The research will compare the epidemiology of depression between ethnic groups. An earlier study conducted by Dr. Gonzalez and colleagues at the University of Michigan, the University of California, Los Angeles, and Harvard University identified a number of disparities in mental health treatment between ethnic groups in the United States. That study found that only 51 percent of the study subjects who fit the criteria for major depression during the past 12 months had received any kind of treatment for the condition, and only 21 percent received treatment that was consistent with American Psychiatric Association guidelines. Among the groups surveyed, African-Americans and Mexican-Americans had the lowest rates of depression care.

Published in the January 2010 edition of the Archives of General Psychiatry, the study provides a detailed picture of the care received for major depression among different ethnic and racial groups, and factors that contribute to disparities. The paper reports that too few Americans with recent major depressive disorders receive adequate depression care, and most receive no care at all.

African-Americans and Mexican-Americans, according to the study, may face greater barriers to mental health care. “Contrary to our expectations that most Americans with depression would be using antidepressant drugs, we actually found higher psychotherapy use, especially among ethnic and racial minorities,” Dr. Gonzalez said.

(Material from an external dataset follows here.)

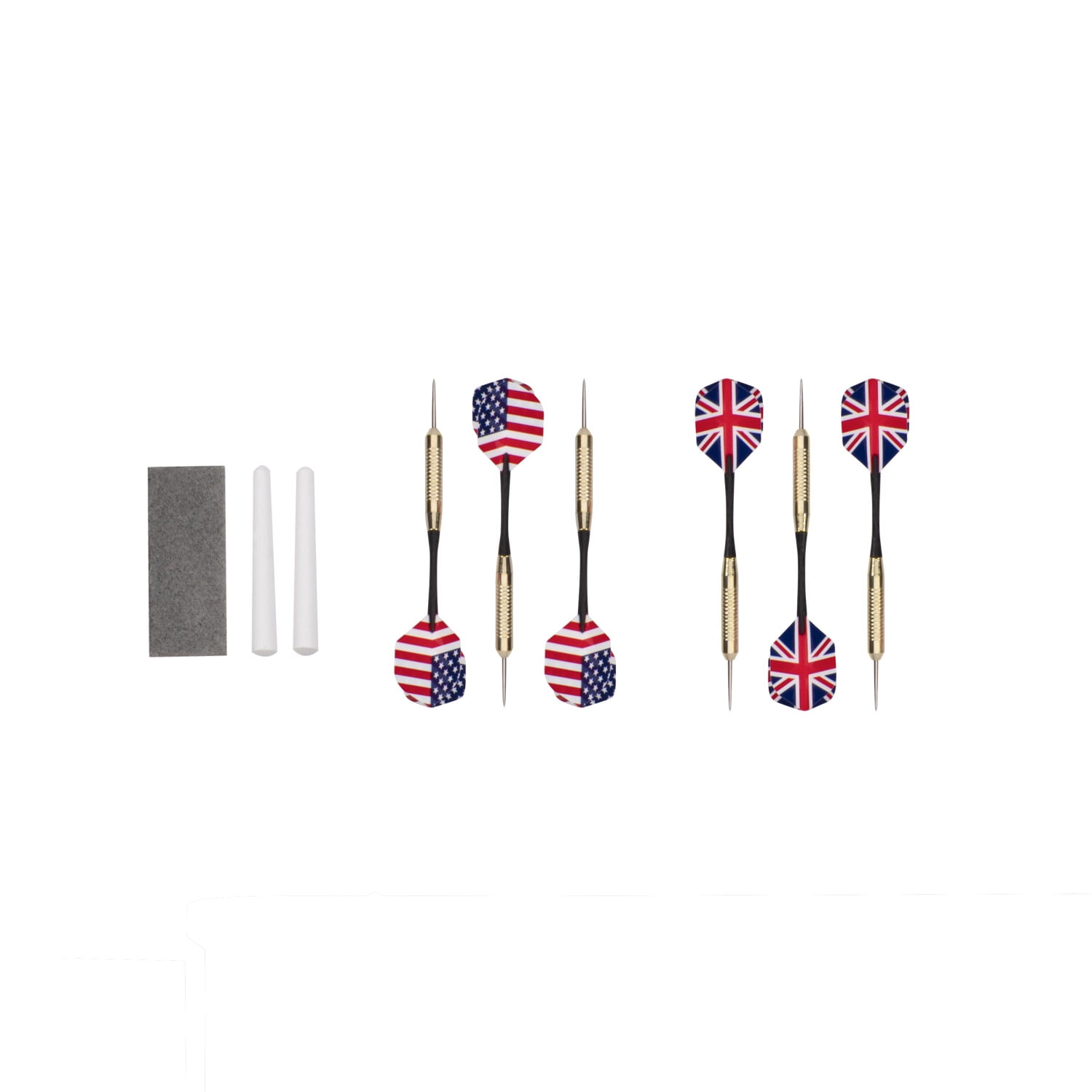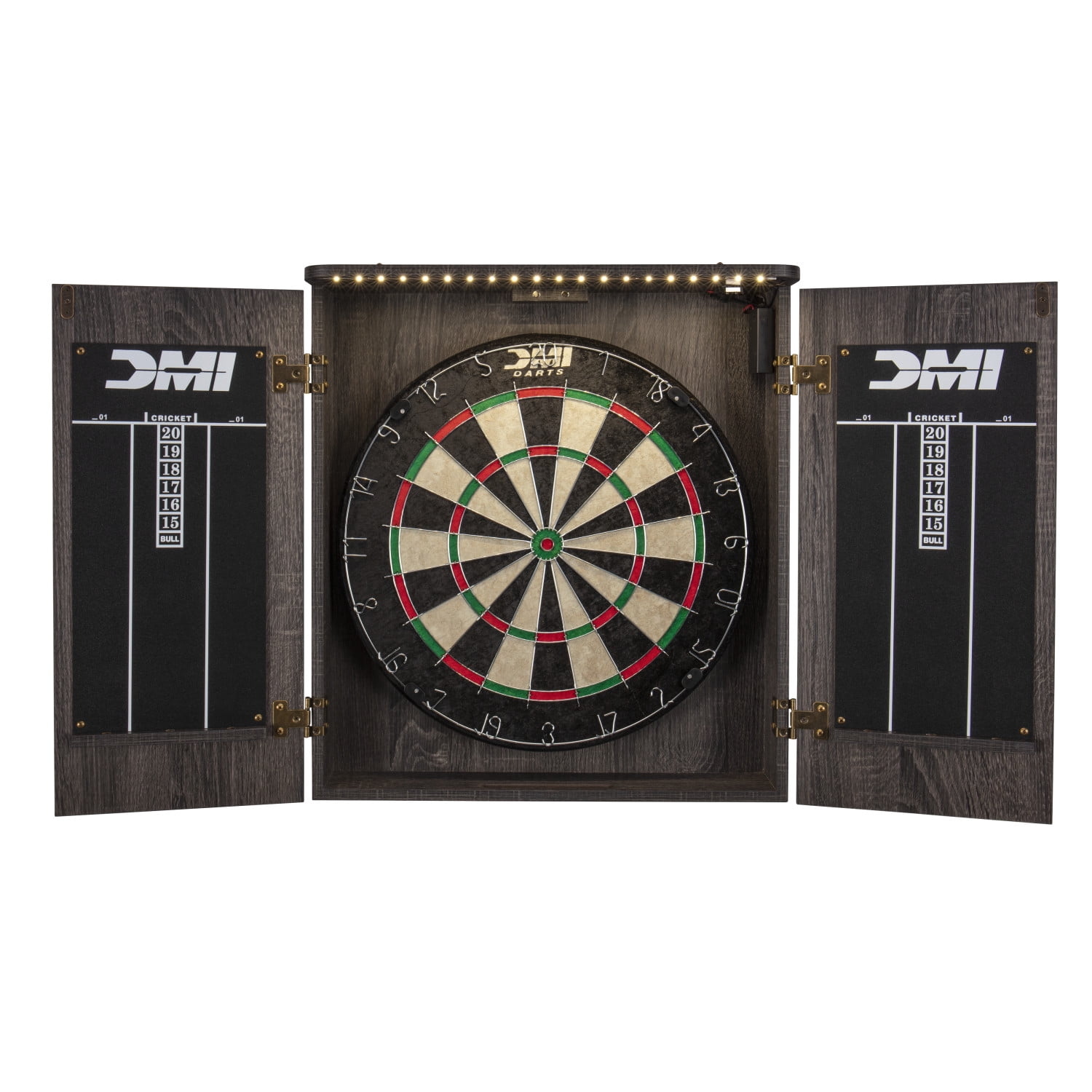 DMI Sports Bristle Dartboard Illuminated Cabinet Set Builtin LED lighting illuminates the dartboard and automatically shuts down when the doors are opened and closed Attractive rustic grey wood grain laminate complements modern home décor Includes an official size 18in x 15in bristle sisal dartboard with self healing properties Comes with 2 dry erase scoreboards, a marker pen, and an eraser for easy scoring The set includes 6 steel tip darts, allowing for immediate play right out of the box

Mexican-Americans make up more than two-thirds of Latinos in the U.S. The study found distinctive differences in mental health care use between Mexican-Americans and other Latino subgroups that had not been previously reported. The authors noted that Latinos will make up one-third of the U.S. population by mid-century, and suggested that Mexican-Americans should be a focus of

efforts to reduce health disparities to ensure the nation’s health quality in coming decades.

All groups were more likely to have received psychotherapy than pharmacotherapy. Caribbean blacks and African-Americans were particularly unlikely to receive pharmacotherapy consistent with APA guidelines. Enabling factors such as education, health insurance and income did not explain the lower rates of medication use. The authors noted possible reasons for this, including research indicating that perceived discrimination can shape health care seeking. They speculate that the non-immigrant status of Puerto Ricans — and with that, greater predominance of English language use within

this group — may be factors in their relatively high rates of health care use.

“Treatments are only good if you can get them to the right people. Thus far, we are seeing very low rates of treatments for ethnic minorities, lower than what has been previously reported,” Dr. Gonzalez said. “While that may be largely explained by differences in access to health care, we are seeing some interesting differences in which types of treatment different ethnic groups are willing to stick with. Because there are many different and effective depression treatments available, knowing who prefers what type of treatment can be helpful in reducing the stark inequalities in care we are seeing.”